KLegal-topman Damstra relativeert: “Wat de kwaliteit betreft behoort Lontings & Partners nu al tot de top. Heel wat cliënten zullen mee overstappen van KPMG. Dat geeft het kantoor een aardige voorsprong tegenover andere starters.”

De Nederlander spreekt overigens Alan Peck tegen, als zou KPMG zwaar moeten investeren in zijn lawfirms om de concurrentie aan te kunnen. Damstra: “Wat valt er te investeren? Het juridisch departement van KPMG België was op zich al winstgevend. We zullen zeker niet met onze zakken vol geld de advocatenkantoren afschuimen in de landen waar we actief willen zijn. Binnen dit en vijf jaar wensen we de juridische praktijken van KPMG – indien deontologisch mogelijk – om te vormen tot advocatenkantoren. Maar we willen geen advocaten of marktaandelen kopen. Het nieuwe Belgische kantoor kost KLegal geen cent. Wij creëren een omgeving, en het is aan de advocaten om zich daarbinnen te ontwikkelen.”
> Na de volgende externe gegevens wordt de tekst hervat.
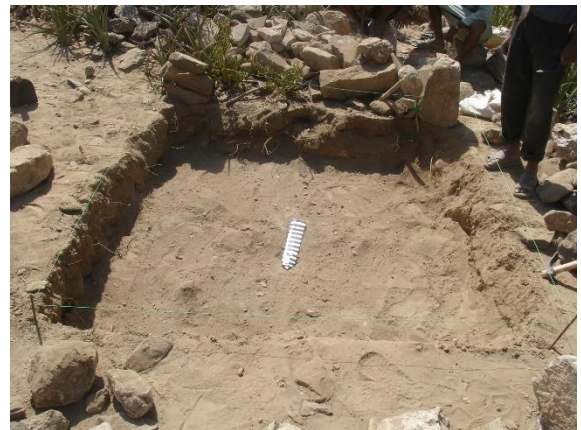
المربع رقم (٢) الطبقة (١).
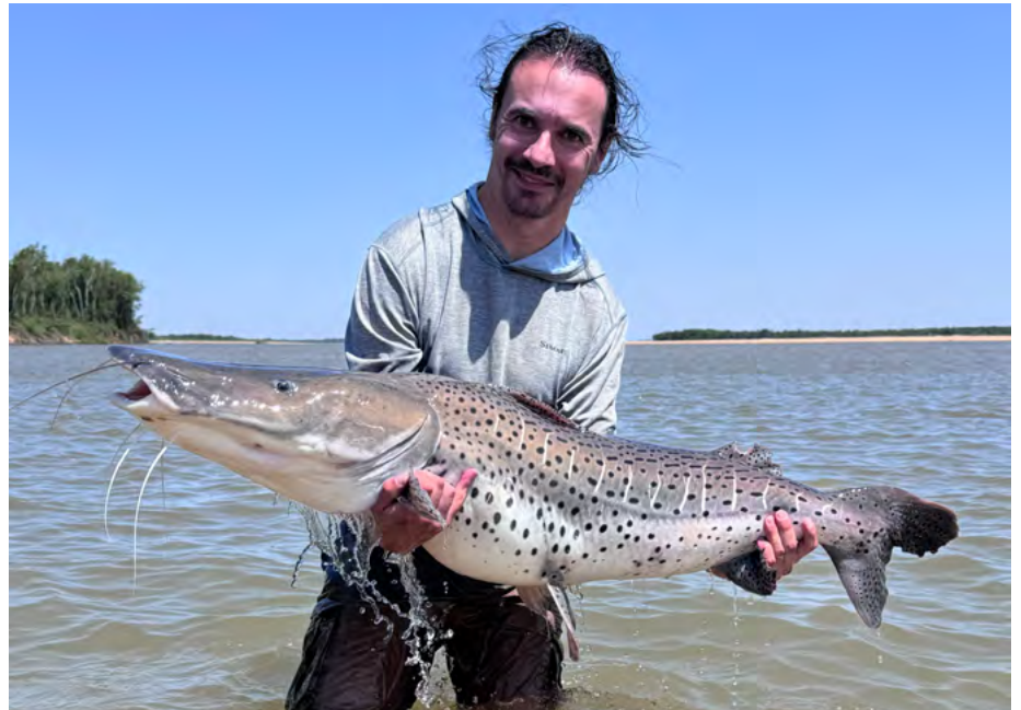
Surubi's zijn bizar sterke tegenstanders.

De tweede visserij die we beoefenden, was zoals gezegd vanaf de oever. Beter gezegd: we werden afgezet op een zandbank en konden dan wadend vissen in de baaien daarrond. Dat deden we zowel met jerkbaits (Salmo Sliders van 10 cm waren top) als met streamers, aan een #7 vliegenlat. Het grappige was dat je vaak al aan het wateroppervlak kon zien of er jagende dorado's aan het werk waren in de baai. Die vinden het namelijk amusant om woest om zich heen te happen als ze door een school aasvis razen. Doordat die aasvissen een hoog oliegehalte in hun lijf hebben, wordt er een olieachtige vlek zichtbaar aan het oppervlakte... De streek waar we visten, was die van het estuarium van de Paraná. Via allerhande kleinere en grotere aftakkingen, kon je zeer ver van de bewoonde wereld komen, in een ontzettend mooi landschap. Dat vond ik persoonlijk het allermooiste om te doen: wadend in kniediep water, op tientallen kilometers van de dichtstbijzijnde weg, het labyrint van krekens en baaien uitkammen met de vlieghengel. Als je dorado's vond, dan was het steevast raak, en niet zo'n klein beetje/ Vis na vis stortte zich dan op mijn streamers. Op mijn beste dag schat ik dat ik misschien wel 150 aanbeten heb gehad. Heel groot waren die vissen niet – zo tussen de 2 en de 4 kilogram schat ik – en ik verspeelde
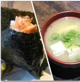
Musubi & Miso Soup
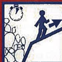
Gagnez un point en hauteur
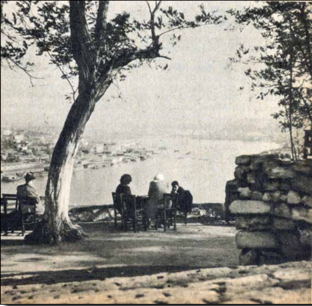
Piyer Loti kahvesinden Haliç'in eski bir manzarası.

liç, Edebiyat-ı Cedîde'siz kalacaktı. Fakat sonradan öğrenildi ki, bu ev İstanbul'da, Zincirlikuyu'da, Balat'ın üstünde imiş.
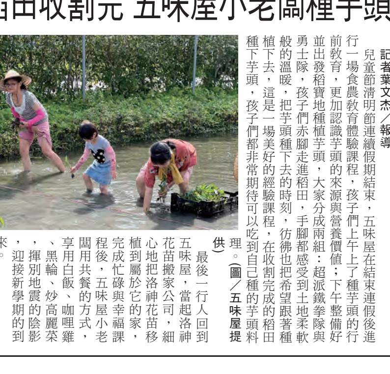
圖：食農教育赤腳體驗，孩子們在稻田裡種植芋頭，體驗農村生活。

記者葉文杰/報導 兒童節清明節連假假期結束，五味屋在結束連假後進行一場食農教育體驗課程，孩子們上午上了種芋頭的行程前教育，更加認識芋頭的來源與營養價值；下午準備好並出發到寶地種植芋頭，大家分成兩組：超派派隊與勇士隊，孩子們赤腳走進稻田，手腳都感受到土地柔軟般的溫暖，把芋頭種下去的時刻，彷彿也把希望跟著種下去，這是一場美好的體驗課程，在收割完的稻田種下芋頭，孩子們都非常期待可以吃到自己種的芋頭料理。 最後一行人回到五味屋，當起洛神花苗搬家公司，細心地將洛神花苗移植到屬於它的家，完成忙碌與幸福課程後，五味屋小老闆用共餐的方式，享用白飯、咖哩雞、黑輪、炒高麗菜，迎接地震的陰影。
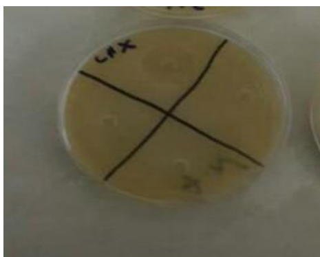
تصویر شماره ۲: وجود هاله عدم رشد میکروبی در محیط کشت باکتری اکتینومیسس نیوزلندی در مجاورت کلرگزیدین ۰/۲ درصد

اما در مورد کلرگزیدین این قطر به ترتیب ۱/۸، ۲، ۱/۹، ۱/۹ میلی متر برای کانیدیدآلیکانس و ۲، ۲، ۱/۹ میلی متر برای اکتینومیسس نیوزلندی و ۱، ۱/۹، ۱/۸، ۱ میلی متر برای استافیلوکوک اورئوس در آزمایش اصلی و سه بار تکرار بعدی آزمایش اندازه گیری شد (تصویر شماره ۲). بنابراین می توان نتیجه گرفت فنی توئین موضعی بر میکروارگانسیم های استافیلوکوک اورئوس، اکتینومیسس نیوزلندی و کانیدیدآلیکانس اثر ضد میکروبی یا ضد قارچی نشان نداد.

Gelijke prestaties, ander loon

De rekeningen tussen Lontings & Partners en KPMG blijven gescheiden. De advocaten huren een ruimte bij de accountants. Ook tussen de financiën van Fidal en KPMG staat een muur. De 280 advocaten-vennoten verdelen onderling hun winsten, net zoals de accountants dat doen.

Bij Lontings & Partners verdienen de partners naar schatting tot de helft minder dan hun confraters van topkantoren (die zo’n 15 tot 20 miljoen per jaar binnenrijven). Dat zal op termijn problemen geven inzake de rekrutering en het behoud van topjuristen.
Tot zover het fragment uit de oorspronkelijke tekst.